The high court upheld a state appeals court ruling, which had overturned a trial court that had dismissed the comp claim for the head injury. The Supreme Court remanded the case to the trial court in Birmingham for further proceedings, to consider the argument that he mediation agreement was void.
Alabama is one of the few states that does not have a dedicated workers’ compensation court system, but utilizes circuit courts for all claims disputes. The state Legislature adopted the benefit-review conference approach in 1992 as a way to avoid court review on claims. The program allows an ombudsman from the state Department of Labor to mediate.
In this case, electrician John Gray sustained a serious head injury in 2014 while at work for the cast iron pipe company, known as ACIPCO. Two years later, he, his attorney, the employer and the ombudsman signed off on the agreement, letting the pipe company avoid responsibility for the claim while the suit against the warehouse was pending.
The employer also released any potential subrogation interest it may have had in Gray’s suit against the warehouse owner, the court explained.
In 2017, a federal court dismissed Gray’s tort suit against the warehouse. Two years after that, a probate court declared Gray mentally incompetent and appointed his mother-in-law to be his guardian. Strickland then filed the workers comp claim, arguing that the mediation agreement was void because of the electrician’s mental state.
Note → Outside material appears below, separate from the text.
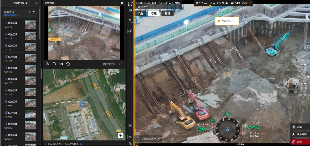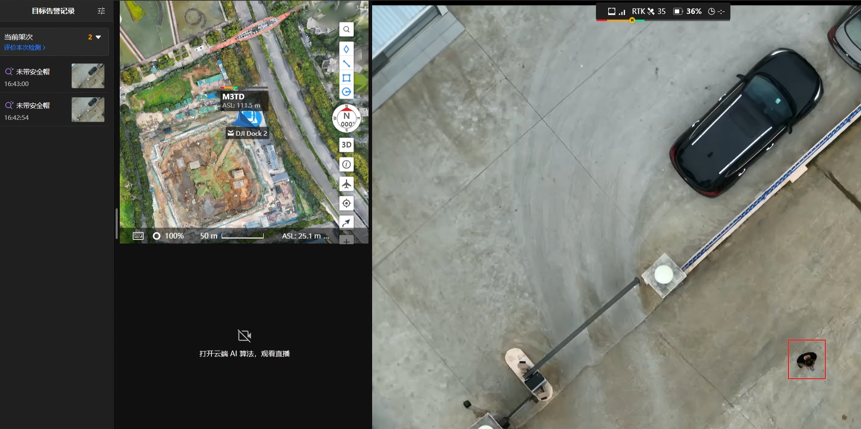 該項(xiàng)目部署具備定時(shí)自主飛行與實(shí)時(shí)傳輸能力的無人機(jī)機(jī)場(chǎng)系統(tǒng),結(jié)合AI算法引擎實(shí)現(xiàn)施工現(xiàn)場(chǎng)精度還原與目標(biāo)智能感知。在安全管理方面,無人機(jī)按預(yù)設(shè)航線自動(dòng)巡檢或遠(yuǎn)程操控,實(shí)時(shí)回傳畫面,AI大模型視覺算法可自動(dòng)識(shí)別未帶安全帽、臨邊區(qū)域等隱患,觸發(fā)告警并記錄目標(biāo)信息,助力管理人員快速排查處置,擴(kuò)大巡查范圍、縮短隱患處置時(shí)間,提升安全管理效率。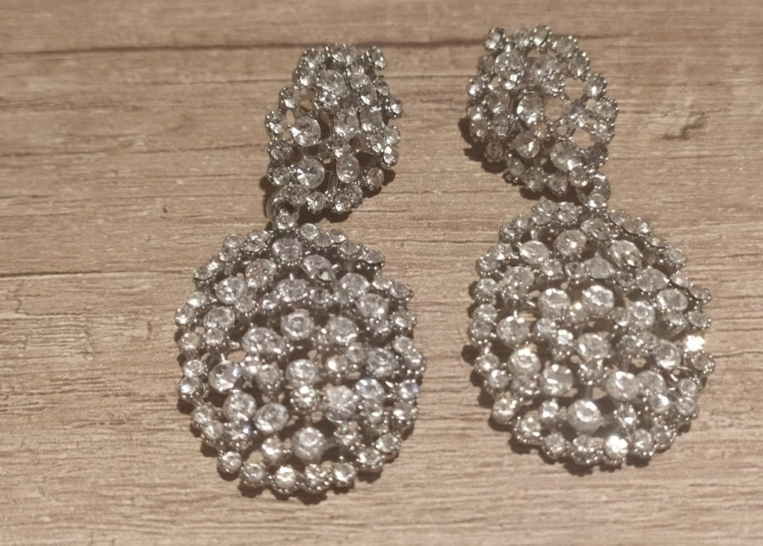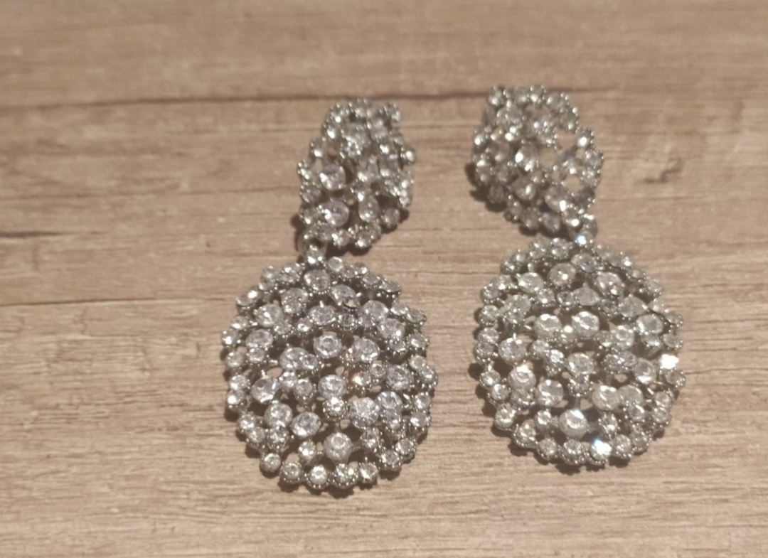 Dlhé visiace náušnice,použité 1x,dl 6.3cm.chyba jeden menší kamienok ,nie je to veľmi vidieť

Gray’s wife had said in an affidavit that he had difficulty understanding written instructions after his head injury, that he believed he was in the 1980s and did not recall that he had a wife and two children, the Supreme Court said. Alabama Cast Iron Pipe contented that, regardless, Gray and his attorney had signed the agreement in 2016, denoting that had read and understood it.
But the majority of the justices said state law is clear on contracts signed by mentally impaired people. The agreement is voided, so the 60-day window for cancelling the agreement does not apply.
“This court presumes that when the Legislature enacted the legislation creating the ombudsman program in 1992, it was well aware of the long-standing statutory and common-law principle that a contract is absolutely void if entered into by a person who lacked the requisite mental capacity,” the court wrote.
The justices quoted from a 1905 state Supreme Court decision: “This court is fully committed to the doctrine that the contract of an insane person is absolutely void.” For parties to agree to something, they must understand it, the court said.
The majority said that if the court adopted the pipe company’s interpretation of Alabama law, then Gray “will have (1) relinquished his right to pursue a potentially meritorious workers’ compensation claim by signing the 2016 agreement while mentally incompetent, (2) consented to a procedure, which he lacked the capacity to understand … and (3) waived any right to collaterally attack the 2016 agreement as void ab initio after the expiration of the 60-day period.”
Justice William Sellers dissented. He wrote that Gray’s attorney and wife were present when he signed the agreement.
“To further assure that Gray’s agreement to settle his claim against ACIPCO was appropriate, a neutral ombudsman reviewed the agreement and also concluded that it was fair,” Sellers said.
Alabama comp law allows two-thirds of a worker’s average weekly wage for permanent total disability, up to $983 a week, with no limit on the duration of benefits, according to a 2022 report by the Workers’ Compensation Research Institute.